1.1 Heat distribution in annular shaft kilns
Compared with the Maerz PFR or HPS kiln design, the heat distribution mechanism in an annular shaft kiln is different. In PFR and HPS kilns, heat distribution is controlled by the selection of the number of fuel lances and side burners respectively. Additionally, the fuel flow of each lance can be regulated, e.g. with different sized nozzles or rotary valves, installed in the fuel feeding system. Different stone size distribution and gas flow effects can thus be compensated to achieve optimal heat distribution. In contrast, in an annular shaft kiln, each individual fuel injection point has to be designed as a refractory-lined combustion chamber. This is very cost-intensive. Moreover, the number of fuel injection points is limited since the combustion chambers are much larger than fuel lances and thus impede the material flow. Due to the staggered arrangement of the combustion chambers on two levels, a good heat distribution is nevertheless achieved.
1.2 Biomass usage in combustion chambers
Due to the high gas prices in the 1990s, Unicalce decided to replace some of the fuel used in their annular shaft kiln with biomass. Therefore, a system to feed biomass directly into the combustion chambers was installed.
The use of biomass in the combustion chambers has two undesired consequences. First, the NOx concentration increases, due to the nitrogen content in the biomass. Since there is a statutory limit for NOx concentration, the use of biomass is limited by the maximum NOx emission value permitted. Even though not all of the nitrogen contained in the biomass is released, with a lower nitrogen content, higher conversion factors from nitrogen to NOx are reported . This means that even a reduction of nitrogen in the biomass will not lead to a significant reduction in NOx emissions. Therefore, the only way to reduce NOx emissions, is by reducing oxygen availability at the combustion site.

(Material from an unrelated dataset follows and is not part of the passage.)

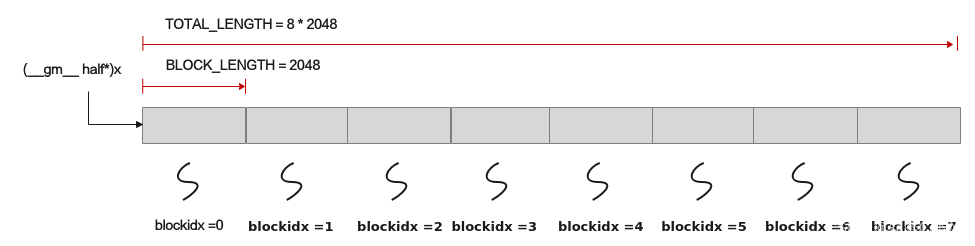 上文我们介绍到,本样例将数据切分成8块,平均分配到8个核上运行,每个核上处理的数据大小BLOCK_LENGTH为2048。那么我们是如何实现这种切分的呢?

Secondly, the combustion of solid fuels such as biomass in the combustion chambers results in locally very high temperatures. This leads to an increased wear of the refractory material and thus to increased maintenance requirements. Furthermore, biomass residues deposit on the refractory lining of the combustion chamber, which leads to additional refractory wear.
2 Side burners: a proven solution for shaft kilns
Side burners are burners that inject fuel and air at a set location into a shaft kiln. The fuel to oxygen ratio can be freely chosen. The burners are installed radially through the kiln refractory. To prevent the burner tube from burning off, the burners are cooled, preferably with a water cooling system. Such side burners are installed in all Maerz single shaft (HPS) kilns and have proved their durability and ease of maintenance.
Maerz invented and engineered a system to use side burners in annular shaft kilns (Patent No EP2180280B1). At Unicalce Lecco, side burners were installed for the first time in an annular shaft kiln to improve heat distribution and increase biomass utilisation. Six side burners were installed between the upper six combustion chambers. The lead picture shows the annular shaft kiln with side burners installed. The side burners operate with biomass only. The newly installed burners address the aforementioned downturns of annular shaft kilns:
The biomass or any other solid fuel share of the total heat input can be increased with the new side burners because there will be no damage to the refractory lining.
Additionally, the NOx concentration, resulting from biomass utilisation, can be better controlled by regulating the excess air factors of the burners.
Lime quality can be improved, by increasing the number of fuel injection points, with little additional impediment to the lime flow.
3 Successful commissioning
In June 2020 Maerz Ofenbau and Unicalce successfully commissioned a water-cooled biomass fired side burner system for their 500 t/d annular shaft kiln. Excellent planning allowed commissioning to be carried out successfully during the Corona crisis with Maerz remote support. Thanks to the simple yet very robust design of the side burners, the insertion of the burners was completed without cooling down or even emptying the kiln.
4 Better quality, less emissions
After commissioning, the kiln switched to production mode with side burners on 8 June 2020, with the previous production rate of 380 t/d. The heat consumption remained unchanged. As Figure 2 shows, the biomass share of the total energy input increased from 22 to over 32%. 50% of the additional biomass went into the side burners and the other 50% was used in the combustion chambers. Despite the higher biomass input, the NOx emissions remain unchanged and below the legal limit of 500 mg/Nm3.
The lime quality improvement using side burners is clearly visible. While using only the conventional combustion chambers, the lime had 2.2% residual CO2. After starting side burner operation, the residual CO2 dropped to as low as 1.2% on 19 June, without any change in heat input. The first few unchanged CO2 values after the start of side burner operation can be explained with the need to heat up the respective areas in the kiln. In the first two months of operation, the lime quality stabilised at around 1.75% residual CO2 which confirms the findings of the first ten days. Heat distribution in annular shaft kilns can evidently be improved by installing side burners between the combustion chambers. Due to the successful operation, Unicalce decided to test additional side burners on the lower combustion chamber level.
The results show that side burners in an annular shaft kiln allow using a higher proportion of renewable energy sources without increasing undesirable NOx emissions. As an additional benefit, better lime quality can be achieved. Side burners in annular shaft kilns will help reduce fuel and CO2 emission allowance costs. The investment costs for modernising an annular shaft kiln with side burners are very low compared with those of a new kiln.